Déclarations des responsables
Lauren Landis, directrice du PAM en Ouganda, a salué cette contribution : elle arrive à un moment critique face aux défis de financement, permettant de sauver des vies, de stimuler les économies locales et de prévenir la malnutrition de manière proactive via des aliments nutritifs durables.
L’ambassadeur de France, Virginie Leroy, a exprimé la fierté de son pays pour cette aide : elle reflète l’engagement contre l’insécurité alimentaire et soutient la politique exemplaire d’accueil ougandaise. Elle a insisté sur les repas scolaires qui boostent l’énergie pour apprendre et renforcent les systèmes alimentaires communautaires.
Autres contributions et défis persistants
La France n’est pas seule : l’Union européenne a récemment financé la sécurité alimentaire pour 12 600 réfugiés et 5 400 communautés hôtes, tandis que le Danemark aide 80 000 nouveaux arrivants. Paris avait déjà versé 200 000 euros via son ambassade pour les besoins alimentaires urgents.
Malgré ces efforts, la crise humanitaire globale en 2025 pèse lourd. Les appels à l’aide humanitaire ont doublé ces dernières années, mais les fonds couvrent souvent moins de la moitié des besoins. En Ouganda, la récatégorisation des bénéficiaires en mai 2025 vise à optimiser les ressources limitées.

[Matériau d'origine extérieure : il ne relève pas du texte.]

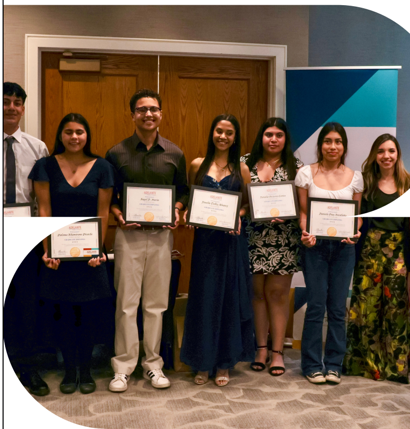
Adelante's graduation ceremony celebrated 10 Adelante seniors. Six seniors were granted scholarships through Adelante's College Allies ensuring their path to post-secondary education.

Our approach combines various elements, such as developing study skills, ACT preparation, providing shadowing opportunities, organizing college visits, offering resume-writing assistance, and delivering one-on-one college-application coaching. This comprehensive approach has yielded significant success, with twelve cohorts graduating thus far. Adelante Achievers are now attending or have graduated from universities and colleges, often with scholarships, marking a significant milestone in their educational journey.
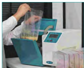
1. Sample preparation (optional enrichment)
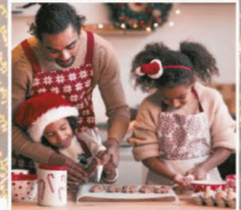
Holiday Decor Stations
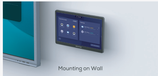
Mounting on Wall
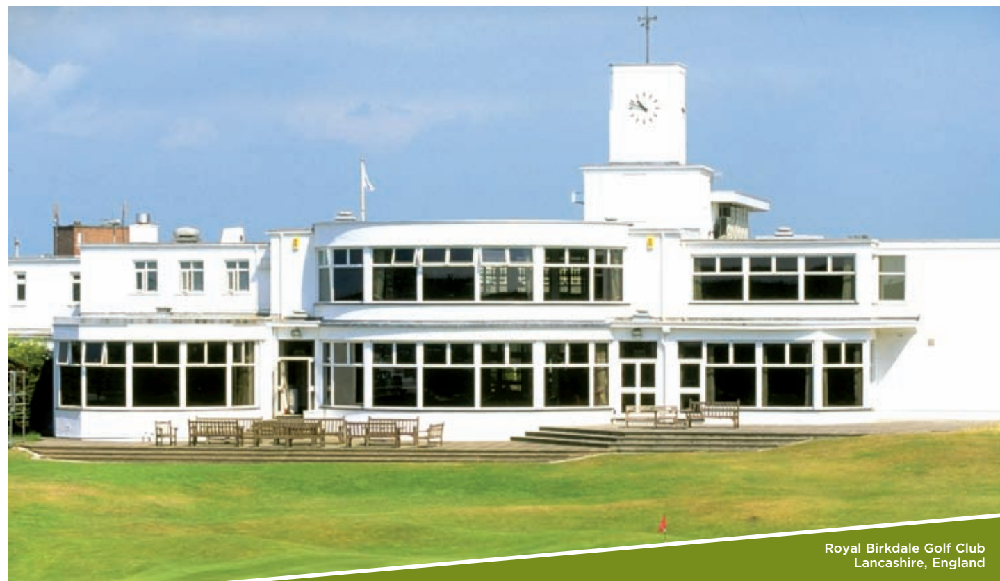
Royal Birkdale Golf Club Lancashire, England
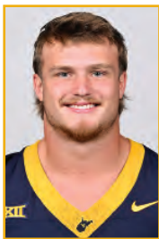
LB, 6-0, 226, Jr. East Lincoln Denver, N.C.
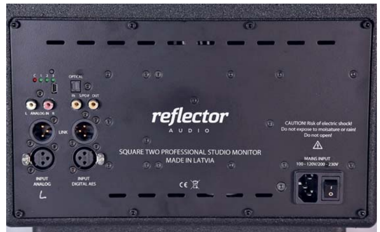
Electronics on the back of the Square Two with analog and digital inputs in all formats

The listening test again took place in an anechoic room, which allows for good comparison and shows the loudspeaker purely without room influences. What was already apparent in the measurement results came to light here clearly. With very good tonal neutrality, the Square Two plays dynamically and powerfully despite its compact dimensions. The bass range doesn't seem underrepresented either. The tweeter is also very nice, reproducing even difficult material with fine resolution and precision without any sharpness.

Perspectives pour la résilience à long terme
Ce partenariat franco-ougandais via le PAM met l’accent sur une approche intégrée : secours immédiat et renforcement des capacités. En favorisant l’agriculture locale et la nutrition préventive, il vise à bâtir une résilience durable face aux conflits et aux chocs climatiques. L’Ouganda, avec sa générosité d’accueil, reste un modèle, mais appelle à un soutien international accru pour éviter une détérioration humanitaire.
Cette initiative française illustre un engagement concret pour les plus vulnérables, dans un monde où les crises alimentaires touchent des millions. Les prochaines étapes dépendront de la mobilisation continue des donateurs face à l’urgence persistante.